Dataset entries:
BEGIN
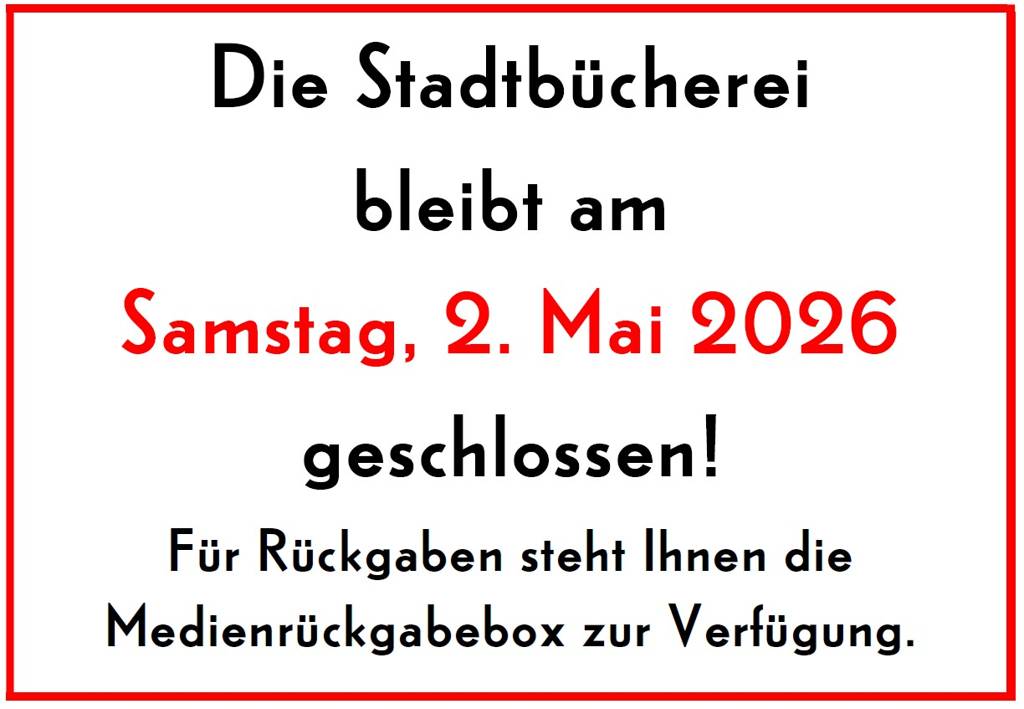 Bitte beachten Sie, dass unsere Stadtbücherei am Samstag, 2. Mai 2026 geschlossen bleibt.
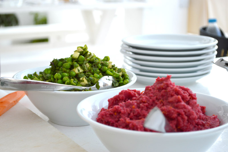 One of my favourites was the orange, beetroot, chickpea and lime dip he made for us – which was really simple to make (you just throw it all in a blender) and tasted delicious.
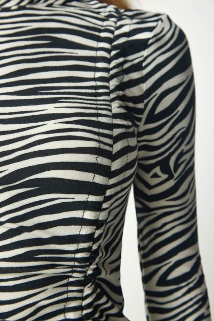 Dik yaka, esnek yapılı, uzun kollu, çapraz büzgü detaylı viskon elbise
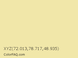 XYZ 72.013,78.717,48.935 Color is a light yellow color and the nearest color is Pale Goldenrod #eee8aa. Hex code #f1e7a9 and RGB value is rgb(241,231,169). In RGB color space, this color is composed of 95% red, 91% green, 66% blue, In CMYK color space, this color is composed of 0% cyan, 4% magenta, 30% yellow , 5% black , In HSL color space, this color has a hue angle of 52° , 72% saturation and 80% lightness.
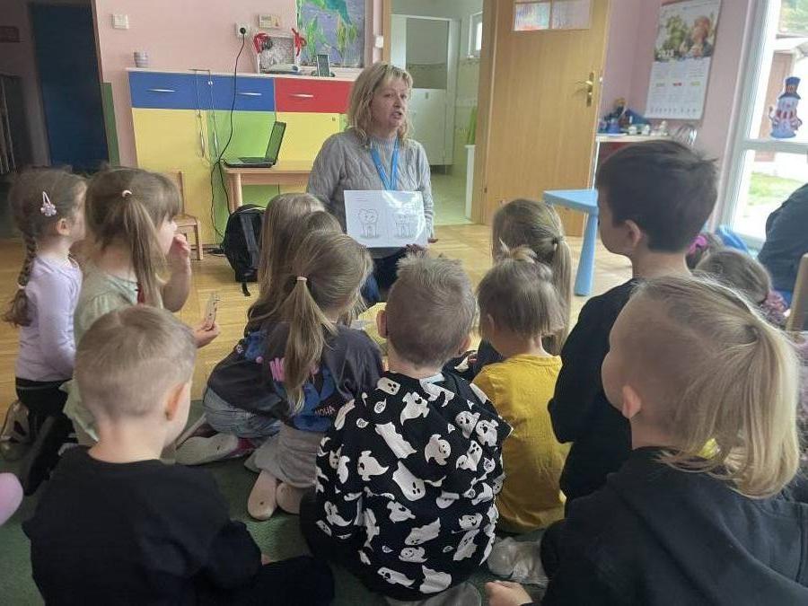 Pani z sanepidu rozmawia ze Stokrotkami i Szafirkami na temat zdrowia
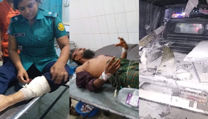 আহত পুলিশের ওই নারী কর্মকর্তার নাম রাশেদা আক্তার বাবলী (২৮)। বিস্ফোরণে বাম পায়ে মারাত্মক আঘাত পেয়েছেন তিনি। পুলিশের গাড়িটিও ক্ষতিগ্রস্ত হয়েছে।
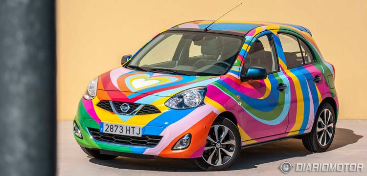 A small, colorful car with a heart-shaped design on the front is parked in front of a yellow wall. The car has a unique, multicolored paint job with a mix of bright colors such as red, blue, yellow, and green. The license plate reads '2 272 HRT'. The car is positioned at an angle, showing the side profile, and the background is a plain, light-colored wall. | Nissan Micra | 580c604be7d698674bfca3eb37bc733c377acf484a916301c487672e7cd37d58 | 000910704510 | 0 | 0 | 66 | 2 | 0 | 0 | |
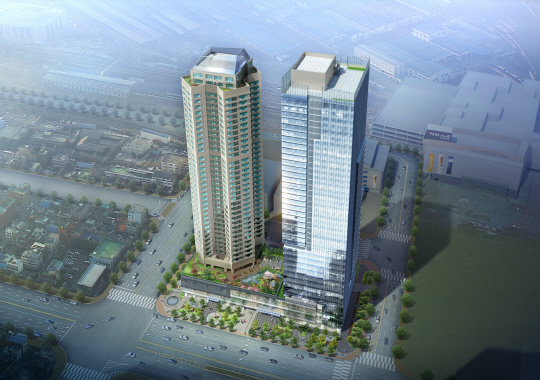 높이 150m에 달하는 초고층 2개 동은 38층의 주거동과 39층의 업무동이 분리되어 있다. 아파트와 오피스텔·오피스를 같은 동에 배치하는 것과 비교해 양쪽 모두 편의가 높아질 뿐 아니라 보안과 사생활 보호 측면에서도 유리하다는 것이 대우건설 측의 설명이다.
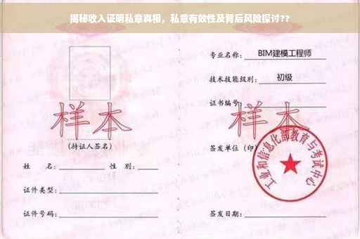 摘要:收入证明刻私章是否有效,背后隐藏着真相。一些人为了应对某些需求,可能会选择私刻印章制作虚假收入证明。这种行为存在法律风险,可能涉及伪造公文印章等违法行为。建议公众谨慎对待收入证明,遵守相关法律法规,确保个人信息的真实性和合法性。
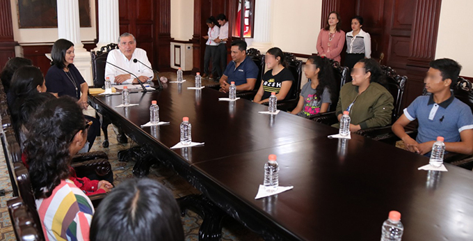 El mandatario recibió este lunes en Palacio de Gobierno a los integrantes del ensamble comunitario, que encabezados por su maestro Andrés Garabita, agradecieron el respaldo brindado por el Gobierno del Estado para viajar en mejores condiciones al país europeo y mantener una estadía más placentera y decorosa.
END
**About this exercise:**
Starting with the first line of the data above and ending with the line containing "Dik yaka, esnek", please restate every line exactly, leaving images out.

**Completed exercise:**
 Bitte beachten Sie, dass unsere Stadtbücherei am Samstag, 2. Mai 2026 geschlossen bleibt.
 One of my favourites was the orange, beetroot, chickpea and lime dip he made for us – which was really simple to make (you just throw it all in a blender) and tasted delicious.
 Dik yaka, esnek yapılı, uzun kollu, çapraz büzgü detaylı viskon elbise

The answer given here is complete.